Euclid Numbers #
This file introduces the Euclid numbers as defined in [knuth1989concrete]. This is sequence A129871 in [oeis]
Implementation notes #
The reference [knuth1989concrete] names the sequence $(e_n)_{n\ge 1}$ as Euclid numbers, while [oeis] names it $(e_n)_{n\ge 0}$ as Sylvester's sequence. We chose to follow the notation from [knuth1989concrete].
Main results #
- Recurrence with a product of Euclid numbers.

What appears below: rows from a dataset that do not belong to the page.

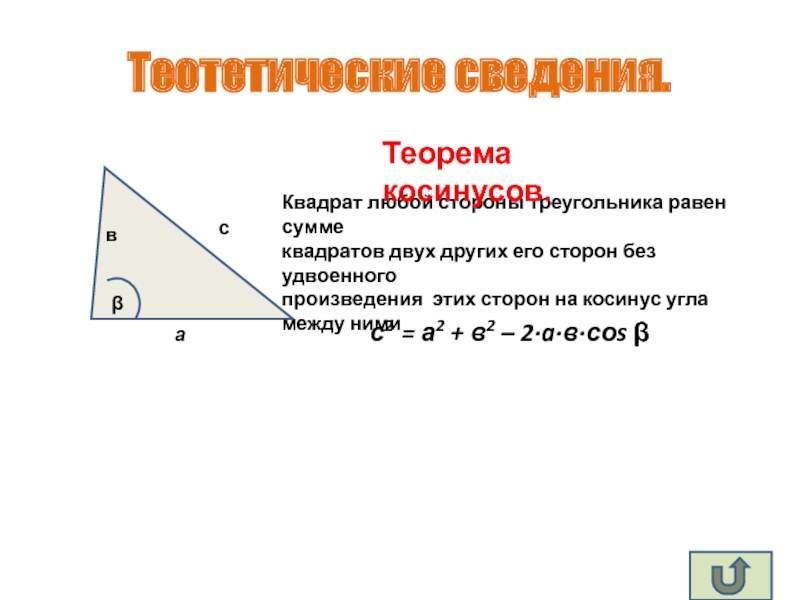 с2 = а2 + в2 – 2·a·в·соs β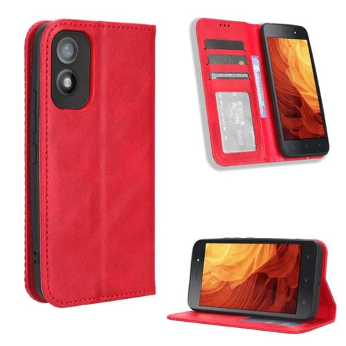 Funda de Cuero para Itel A18 con Hebilla Magnética y Textura Retro (Rojo)
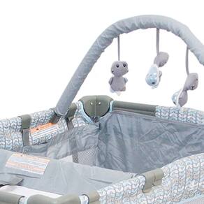 Possui colchão removível, prático trocador com cinto de segurança, bolsa para transporte, pés com rodízios e móbile com tartaruguinhas de pelúcia, que diverte as baixinhas e estimula o desenvolvimento da coordenação motora.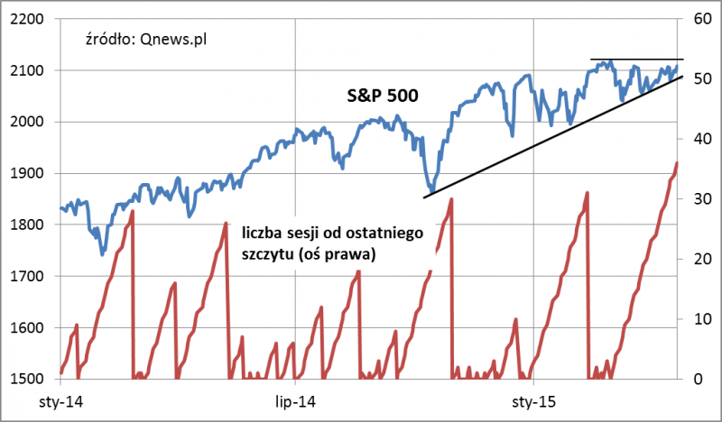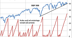 W środę minęło 36 sesji od ostatniego rekordu amerykańskiego S&P 500. Z naszych obliczeń wynika, że czas oczekiwania na nowy szczyt hossy jest już dłuższy niż w trakcie wszystkich korekt z ostatnich dwóch lat. Poprzednim razem dłużej na rekord trzeba było czekać jeszcze na przełomie lat 2012/2013 – wówczas były to aż 74 sesje, czyli ponad dwa razy więcej niż obecnie.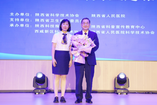 科协主席、2023年度陕西省科学技术进步一等奖团队获得者宋张骏发言,感谢省科技厅、科协、卫健委对省人民21点策略

- Co-primality of Euclid numbers.
- Explicit formula.
References #
- [Concrete Mathematics][knuth1989concrete]
- [The On-Line Encyclopedia of Integer Sequences][oeis]
The sequence of Euclid numbers $(e_n)_{n\ge 0}$.
Definition by a simple recurrence. The more explicit recurrence is proved in
Theorem euclid_prod_finset_add_one.
Equations
Instances For
The Euclid numbers satisfy the recurrence: $$ e_{n+1} = \prod_{i=1}^n e_i + 1. $$
Another expression of euclid_prod_finset_add_one for easier application when $n\ge 1$:
$$ e_n = \prod_{i=1}^{n-1} e_i + 1. $$
Euclid numbers are positive.
The Euclid numbers are strictly increasing: $e_n < e_{n+1}$, for all $n\in\mathbb{N}$.
The sequence
$$ \frac{1}{2^n}\log\left(e_n - \frac{1}{2}\right) $$
converges to $\log E$, where $E$ is the contant in the
explicit formula for the Euclid numbers euclid_eq_floor_constant_pow.
Instances For
$e_n \le E^{2^n} + \frac{1}{2}$ for all $n\in\mathbb{N}$.
$E^{2^n} + \frac{1}{2} < e_n + 1$ for all $n\in\mathbb{N}$.